Last week Goldman Sachs ruined the mood of many in the solar industry—at least of those who pay attention to investment bank forecasts—by projecting that the solar panel market will shrink this year by 24 percent. It’s not the only negative forecast either, which is understandable given the latest major developments in the sector. However, the market may be getting carried away with just how much suffering the solar industry will face.
Before Goldman Sachs slapped the solar industry with its forecast of 24-percent fewer installations this year, Bloomberg New Energy Finance and Credit Suisse warned of a decline in the solar market after China suspended approvals for new installations due to the weight of payments it already needs to make for current solar farms and, of course, after the Trump administration slapped a 25-percent import tariff on Chinese-made PV panels.
BNEF predicted that the solar market will contract by 3 percent under a conservative scenario this year, warning of a PV panel glut on a global scale. However, BNEF also forecast that this glut will lower prices and stimulate demand, which will eventually reverse the gloom, allowing the market to recover as soon as next year.
Credit Suisse has predicted a decline in new installations, projecting a 17 percent reduction this year, and the Solar Energy Industries Association has warned that the import tariffs on PV panels will lead to job losses in U.S. solar and ultimately lead the industry into a crisis. An analyst from GMT Research echoed this general sentiment but suggested he expected the increase in the number of new installations to continue.
It seems that not everyone is as gloomy as Goldman. In fact, the PV panel glut that will result from China’s decision to cut subsidies for new installations could become a silver lining on what could otherwise be considered a disaster for the industry.
As BNEF correctly projects, the more panels there are, the lower their prices will be, and the lower the prices, the more attractive they would be.
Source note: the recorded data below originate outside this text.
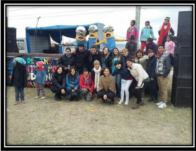
Ilustración 17 Participantes de la feria Comunitarios en Acción
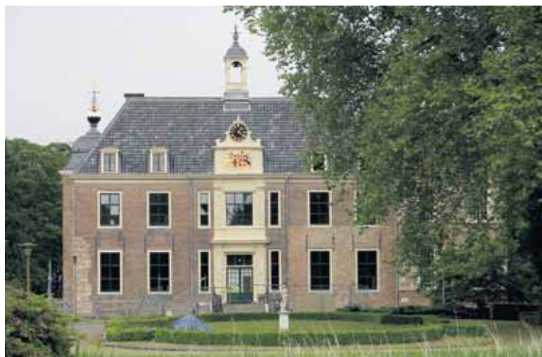
Kasteel Ruurlo staat centraal tijdens de lezing van Old Reurle.

Hierbij heeft hij alle medewerking gekregen van architect Cor Bouwstra en het bouwteam. Tijdens de lezing zullen de bouwwijzigingen op alle verdiepingen van kelder tot en met de zolder
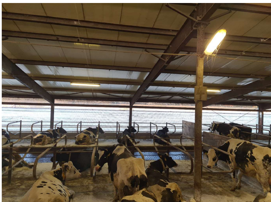
Obrázek č. 2. Volné boxové ustájení
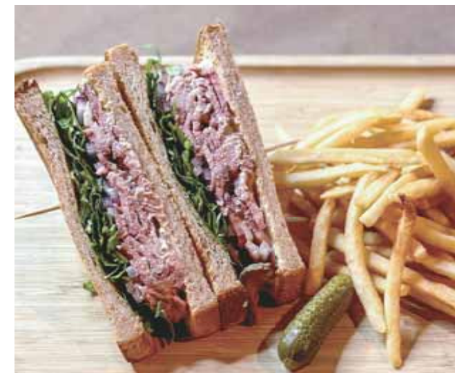
Roast Beef Sandwich with French Fries
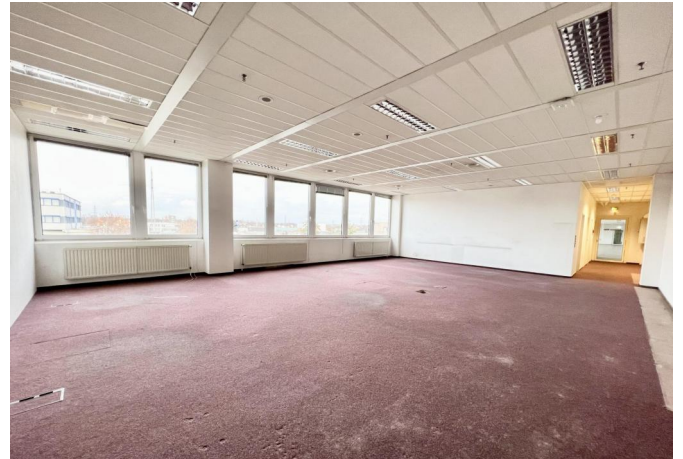
Rechnungsprüfung - Raum 3

Also, these glut-caused lower prices will mitigate the impact of the Trump tariffs on the U.S. solar industry, although they won’t be able to offset them completely.
There are also new solar markets opening up: Saudi Arabia is one very ambitious new addition to the industry. A survey from market research company 6WREsearch recently forecast that the Saudi solar market will expand at a compound annual rate of 30 percent between 2018 and 2024. The UAE is also very ambitious in the solar power department, planning to source a quarter of its energy from solar installations by 2030. Africa as a whole is another market that will likely become emerging force in solar power.
The fact is that the solar industry won’t stop growing, despite tariffs and the suspension of new projects in the world’s biggest solar market. These developments could slow down its growth for a while, but with more and more players entering the solar field any negative effects would be temporary. It’s worth noting that BNEF also forecast that China’s role in the global solar market will decline in the medium term and it will account for only 25 percent of new installations in 2020, down from more than half in 2017.